**Data:**
------------------------------

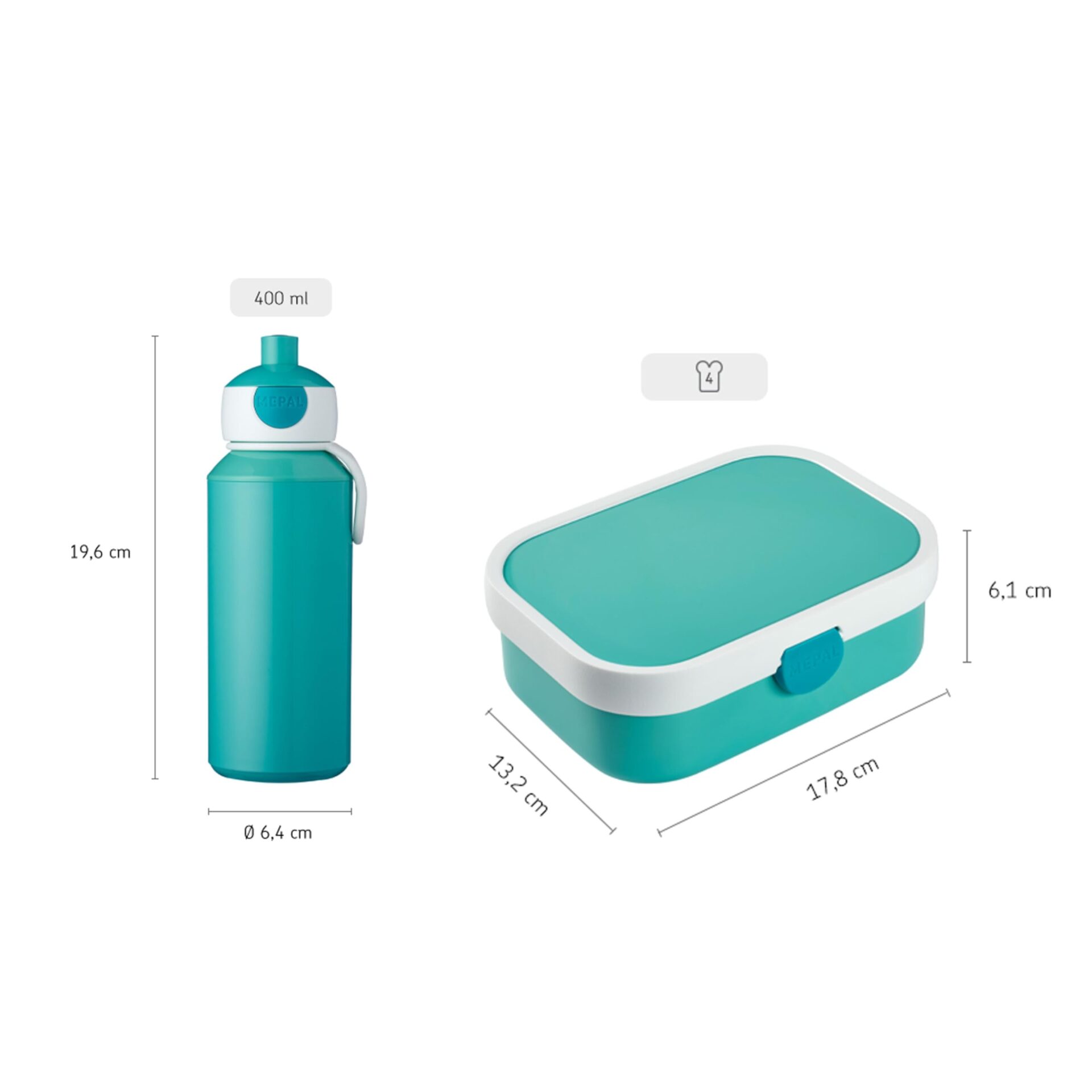 Zestaw śniadaniowy Mepal to kompletny zestaw dla małego ucznia, składający się z butelki na napoję i praktycznego pudełka na lunch. Butelka typu Pop-Up (o pojemności 400 ml) oraz pudełko na lunch (o pojemności 750 ml) zostały zaprojektowane z myślą o dzieciach. Idealnie sprawdzają się zarówno w szkole, na wycieczkach, jak i podczas aktywności sportowych.
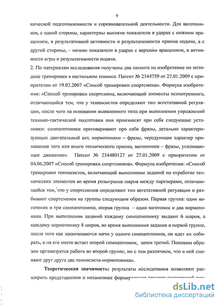 2. По материалам исследования получены два патента на изобретение по методике тренировки в настольном теннисе. Патент № 2344759 от 27.01.2009 с приоритетом от 19.02.2007 «Способ тренировки спортсмена». Формула изобретения: «Способ тренировки спортсмена, включающий элементы психотренинга, отличающийся тем, что у теннисистов определяют тип вегетативной регуляции, после чего на основании выявленного типа при выполнении упражнений технико-тактической подготовки они произносят про себя следующие установки: симпатотоники проговаривают про себя фразы, детально характеризующие двигательный акт, нормотоники — фразы, чередующие характер применения того или иного технического приема, ваготоники — фразы, усиливающие движение». Патент № 234480127 от 27.01.2009 с приоритетом от 04.06.2007 «Способ тренировки спортсменов». Формула изобретения: «Способ тренировки теннисистов, включающий выполнение заданий по отработке технических элементов во время розыгрыша шаров между партнерами, отличаю- щиися тем, что у спортсменов определяют тип вегетативной регуляции и разбивают спортсменов на группы следующим образом. Первая группа: один ва- готоник и три симпатотоника, вторая группа — один ваготоник и два нормото- ника. При выполнении заданий каждому симпатотонику выдают 6 шаров, а каждому нормогонику 8 шаров, во время выполнения задания в первой группе, после того как заканчиваются мячи у одного симпатотоника, он идет их собирать, а на его место встает второй симпатотоник, затем третий. Похожим образом организуется работа во второй группе, но с тем различием, что в ней сменяют друг друга два теннисиста-нормотоника».
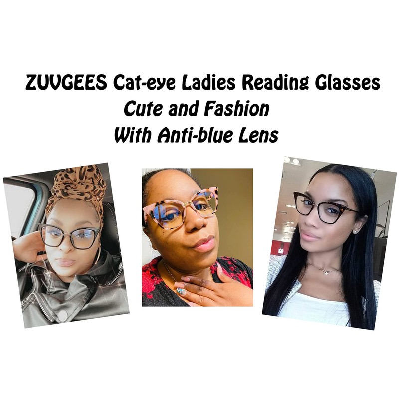 ZUVGEES 2 Pack Womens Cute Oversized Cat Eye Blue Light Blocking Reading Glas...
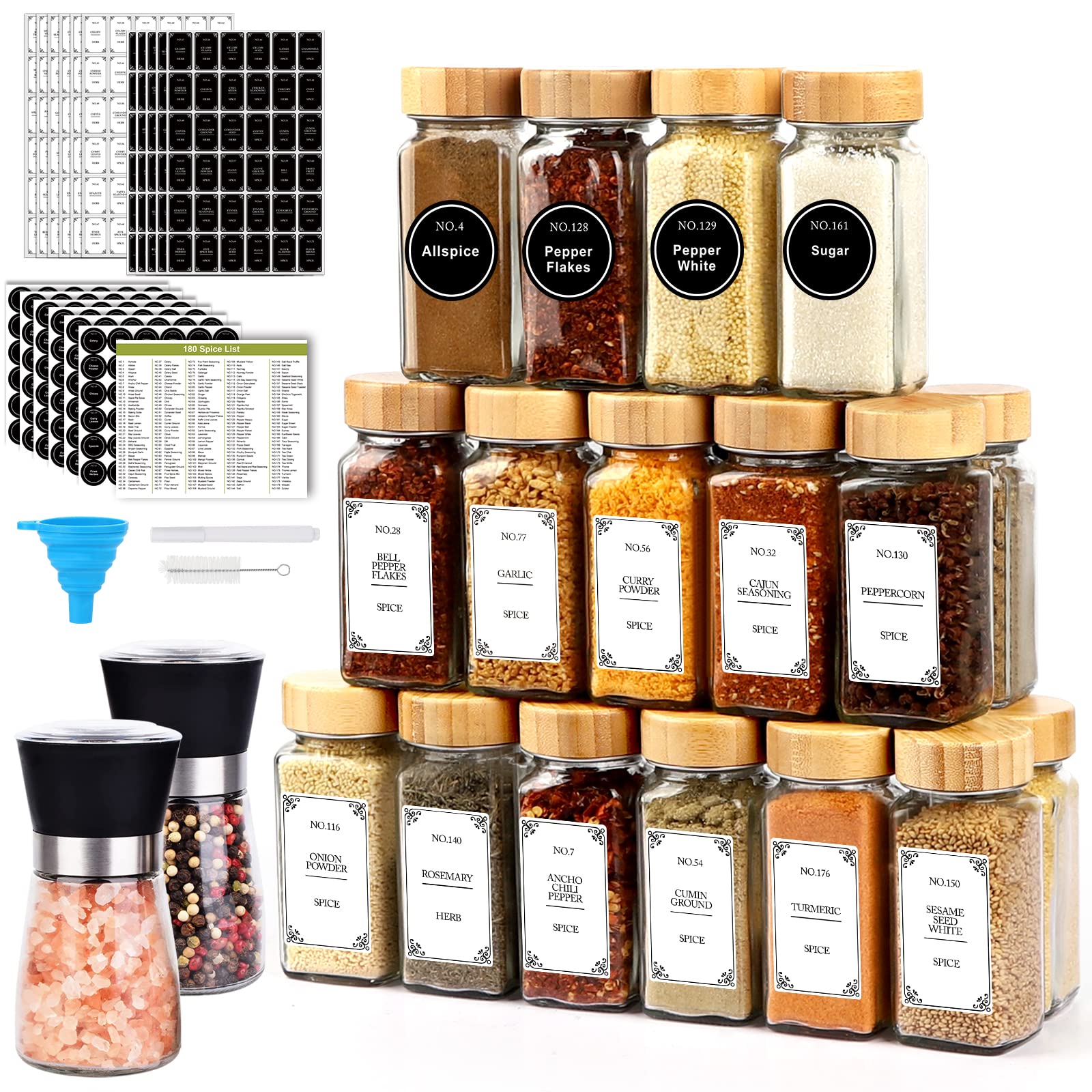 • 24 pcs 4oz glass spice jars with bamboo lids,24 shaker lid,648 PCS waterproof elegant reusable stickers,1 spice list, 2 Salt and Pepper Grinder,1 silicone collapsible funnel, 1 chalk and 1 tube brush. Making your kitchen look organized and tidy,beautiful bamboo lids and stylish square bottle design,no more clutter of your seasonings!

------------------------------

**Activity:**
Copy out each line of the data exactly as it reads; skip the pictures.

**Result below:**
 Zestaw śniadaniowy Mepal to kompletny zestaw dla małego ucznia, składający się z butelki na napoję i praktycznego pudełka na lunch. Butelka typu Pop-Up (o pojemności 400 ml) oraz pudełko na lunch (o pojemności 750 ml) zostały zaprojektowane z myślą o dzieciach. Idealnie sprawdzają się zarówno w szkole, na wycieczkach, jak i podczas aktywności sportowych.
 2. По материалам исследования получены два патента на изобретение по методике тренировки в настольном теннисе. Патент № 2344759 от 27.01.2009 с приоритетом от 19.02.2007 «Способ тренировки спортсмена». Формула изобретения: «Способ тренировки спортсмена, включающий элементы психотренинга, отличающийся тем, что у теннисистов определяют тип вегетативной регуляции, после чего на основании выявленного типа при выполнении упражнений технико-тактической подготовки они произносят про себя следующие установки: симпатотоники проговаривают про себя фразы, детально характеризующие двигательный акт, нормотоники — фразы, чередующие характер применения того или иного технического приема, ваготоники — фразы, усиливающие движение». Патент № 234480127 от 27.01.2009 с приоритетом от 04.06.2007 «Способ тренировки спортсменов». Формула изобретения: «Способ тренировки теннисистов, включающий выполнение заданий по отработке технических элементов во время розыгрыша шаров между партнерами, отличаю- щиися тем, что у спортсменов определяют тип вегетативной регуляции и разбивают спортсменов на группы следующим образом. Первая группа: один ва- готоник и три симпатотоника, вторая группа — один ваготоник и два нормото- ника. При выполнении заданий каждому симпатотонику выдают 6 шаров, а каждому нормогонику 8 шаров, во время выполнения задания в первой группе, после того как заканчиваются мячи у одного симпатотоника, он идет их собирать, а на его место встает второй симпатотоник, затем третий. Похожим образом организуется работа во второй группе, но с тем различием, что в ней сменяют друг друга два теннисиста-нормотоника».
 ZUVGEES 2 Pack Womens Cute Oversized Cat Eye Blue Light Blocking Reading Glas...
 • 24 pcs 4oz glass spice jars with bamboo lids,24 shaker lid,648 PCS waterproof elegant reusable stickers,1 spice list, 2 Salt and Pepper Grinder,1 silicone collapsible funnel, 1 chalk and 1 tube brush. Making your kitchen look organized and tidy,beautiful bamboo lids and stylish square bottle design,no more clutter of your seasonings!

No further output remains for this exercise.